I’ve thought long and hard about this topic and I think I have an answer, inasmuch as you can solve a problem with a broad generalization. So here’s my advice, take it for what it’s worth:

Grow up.

555f03953cbfdf521b85936cb33166ffThat’s it. Grow up. Get up, get over yourself, and go do something. If you don’t have the life you want, it’s probably because you aren’t making it happen, or you are and you need to be patient. The life of a Pinterest board, the life your parents have, the life you’ve always wanted comes after years of hard work, effort, humility, and perseverance. Don’t expect anyone to give you anything. Earn that nonsense.

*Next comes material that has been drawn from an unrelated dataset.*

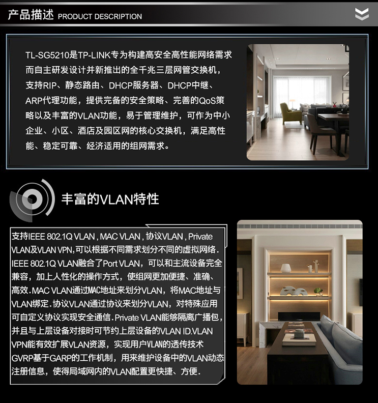 以太網(wǎng)交換機(jī)普聯(lián)/TP-LINK8口全千兆三層交換機(jī)帶2光纖光口可網(wǎng)管VLAN網(wǎng)絡(luò)企業(yè)級(jí)TL-SG5210/臺(tái)

Stop talking about how people don’t understand your mission or your meaning or your purpose. Borrowing from Picasso: Your meaning in life is to find your gift. Your purpose in life is to give it away. To act justly love mercy, and walk humbly with your God. Period. (That last part was from Micah.)

In the meantime – your purpose is to contribute, in a real way. Stop with the made up niche markets and feeling victimized when people just don’t get you. Stop acting like this broken and imperfect world owes you anything. ANYTHING.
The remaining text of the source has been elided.